▶ _WHAT THE TASK REQUIRES_
Print only the lines running from the line with "When the European" to the final line below, both included, exactly as written and without the pictures.

%%

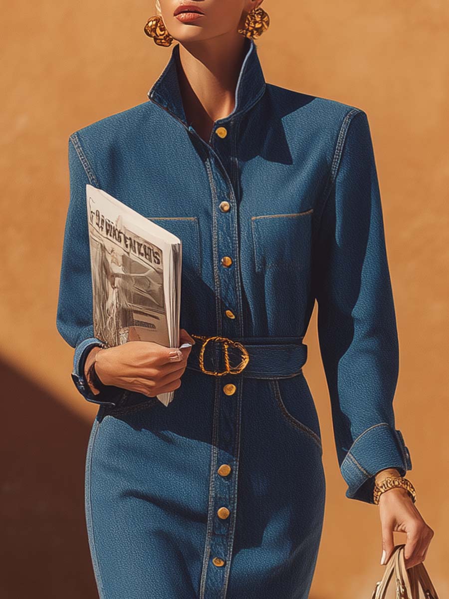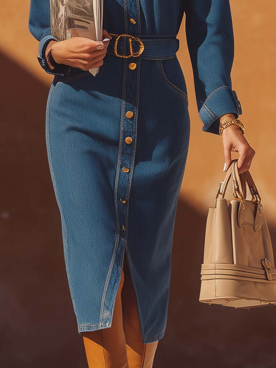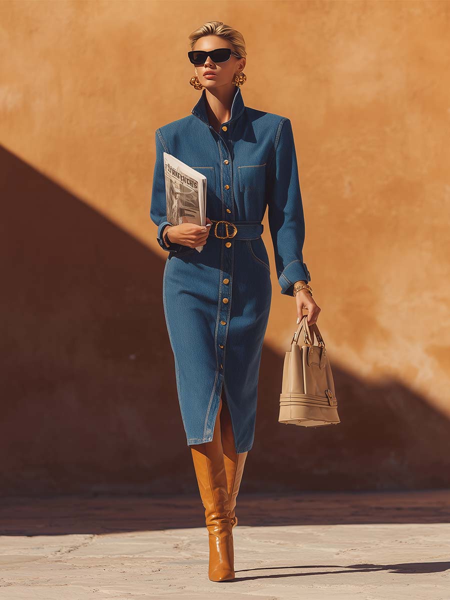 This denim midi dress can easily be styled up or down depending on the occasion. For a casual look, pair it with white sneakers and a crossbody bag. For a more polished appearance, opt for ankle boots and a leather jacket. Accessories like a statement belt or a silk scarf can add personal flair and elevate the overall ensemble.
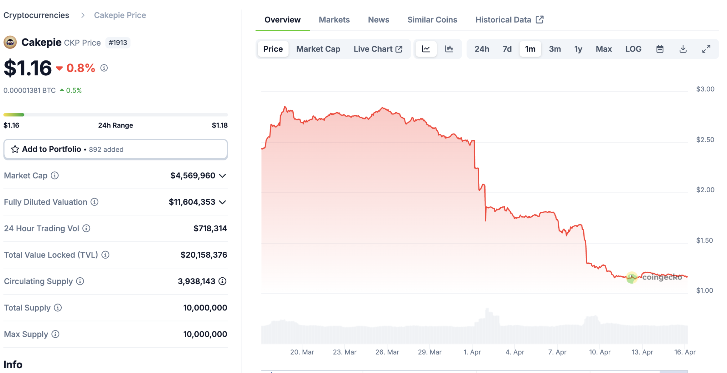 4 月 16 日,PancakeSwap 官方成员透露,他们正在与 Cakepie DAO 进行密切沟通,并愿意提供 150 万美元补偿 CKP 持有者,该贴文得到了赵长鹏的鼓掌回复。但 CKP 即使在暴跌之后 FDV 仍然超过 1000 万美元,流通市值 400 万美元也高于 150 万美元的补偿金额。
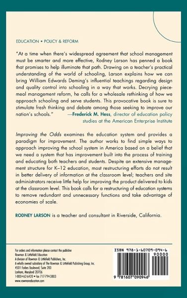 The author's expertise as a classroom teacher and intricate knowledge of W. Edward Deming's continuous improvement model make this book valuable reading... Recommended. CHOICE, July 2010 At a time when there's widespread agreement that school management must be smarter and more effective, Rodney Larson has penned a book that promises to help to illuminate that path. Drawing on a teacher's practical understanding of the world of schooling, Larson explains how we can bring William Edwards Deming's influential teachings regarding design and quality control into schooling in a way that works. Decrying piecemeal management reform, he calls for a wholesale rethinking of how we approach schooling and serve students. This provocative book is sure to stimulate fresh thinking and debate among those seeking to improve our nation's schools. -- Frederick M. Hess, director of education policy studies at the American Enterprise Institute
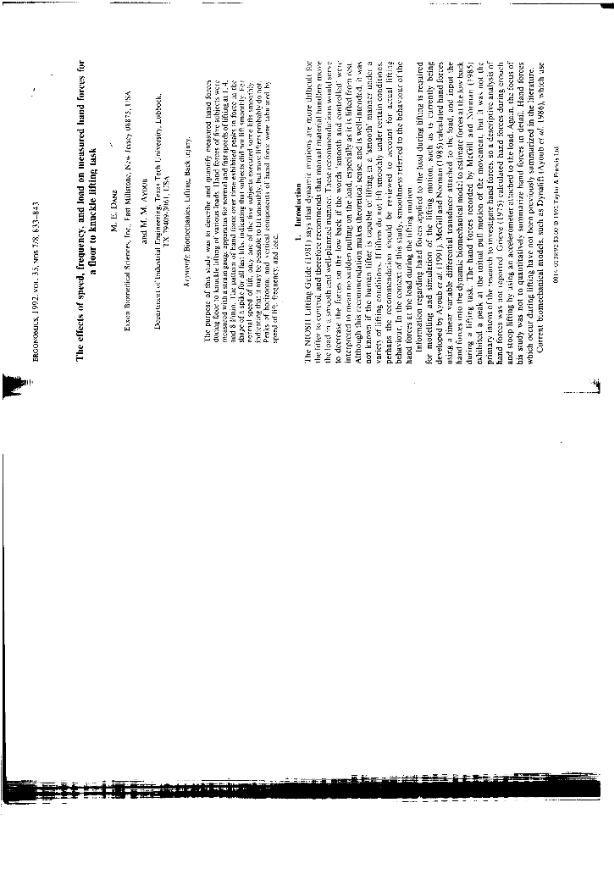 The Effects of speed, frequency, and load on measured hand forces for a floor to knuckle lifting...
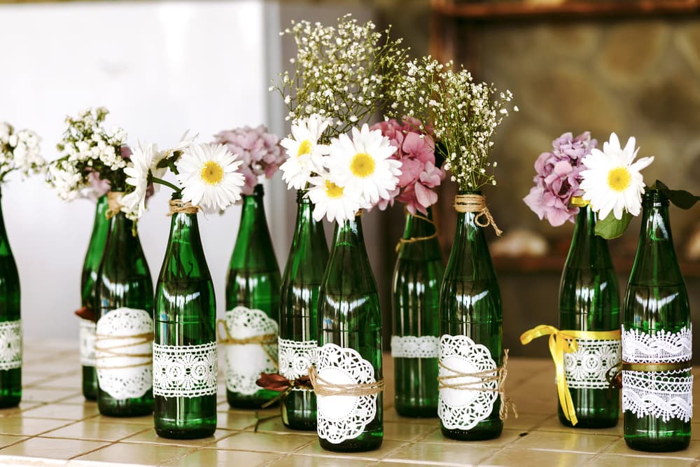 Si de elementos decorativos se trata, ¿qué mejor ejemplo que unas botellas antiguas (o no)? Además, aunque por si solas pueden tener mucha fuerza, también puedes refrescarlas aun más colocando en ellas tus flores favoritas.
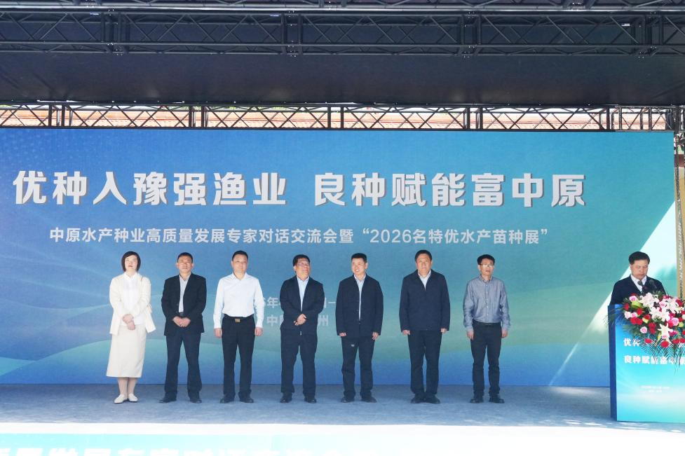 4月17日,中原水产种业高质量发展座谈会暨2026“名特优水产苗种进河南”系列活动在郑州启动。院党委委员、副院长韩启忠出席启动仪式并致辞。省农机农垦发展中心党委书记、主任张金龙,省种业集团党委书记、董事长赵博出席。
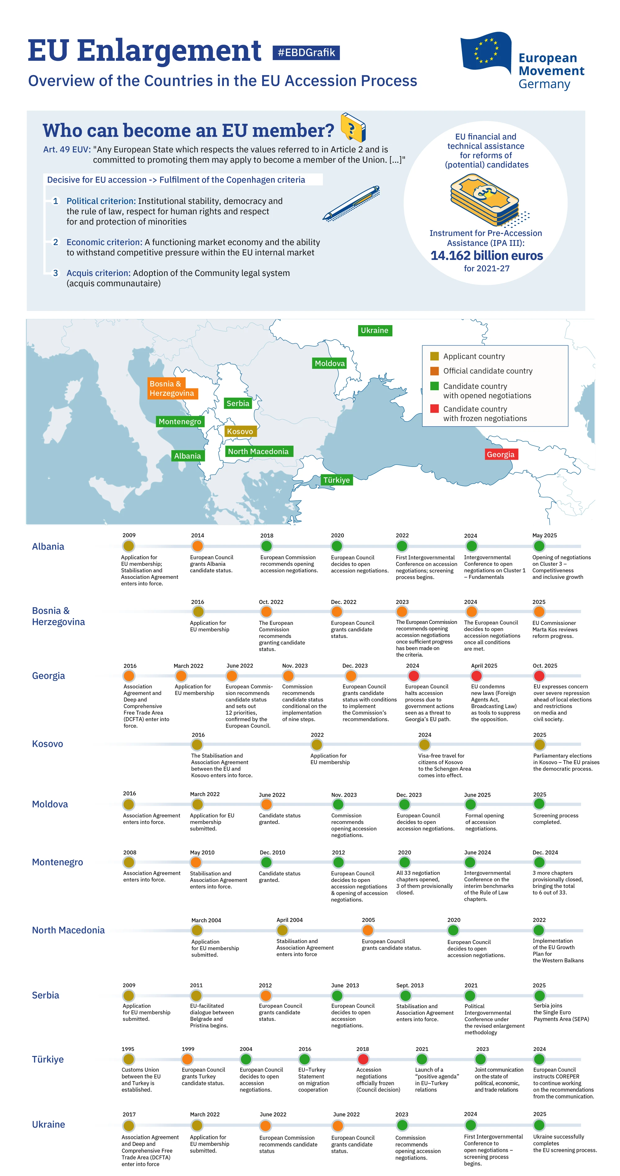 When the European Commission presents its Enlargement Package on 29 October, the discussion will not only concern the famous “homework” of the ten applicant and candidate countries. Our #EBDGraphic provides an up-to-date overview. Yet it is also about a serious debate: how can the EU allow majority decisions already during the ongoing accession process and create tangible interim steps along the long road to membership? And how seriously are we addressing our own reform tasks within the Union?
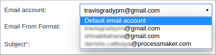 • Email Account Settings: This option sends the email notification using the Sender Email and Sender Name values defined in the email server configuration of the email selected in the Email Account field.
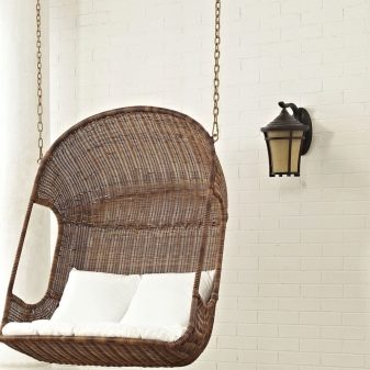 - Sedia sospesa Rotan Bowl. Questa altalena ha un grande sedile a forma di ciotola. Può essere sospeso al soffitto e integrato con cuscini per massimizzare il comfort di utilizzo.

%%

▶ _OUTPUT FOR THIS TASK_
 When the European Commission presents its Enlargement Package on 29 October, the discussion will not only concern the famous “homework” of the ten applicant and candidate countries. Our #EBDGraphic provides an up-to-date overview. Yet it is also about a serious debate: how can the EU allow majority decisions already during the ongoing accession process and create tangible interim steps along the long road to membership? And how seriously are we addressing our own reform tasks within the Union?
 • Email Account Settings: This option sends the email notification using the Sender Email and Sender Name values defined in the email server configuration of the email selected in the Email Account field.
 - Sedia sospesa Rotan Bowl. Questa altalena ha un grande sedile a forma di ciotola. Può essere sospeso al soffitto e integrato con cuscini per massimizzare il comfort di utilizzo.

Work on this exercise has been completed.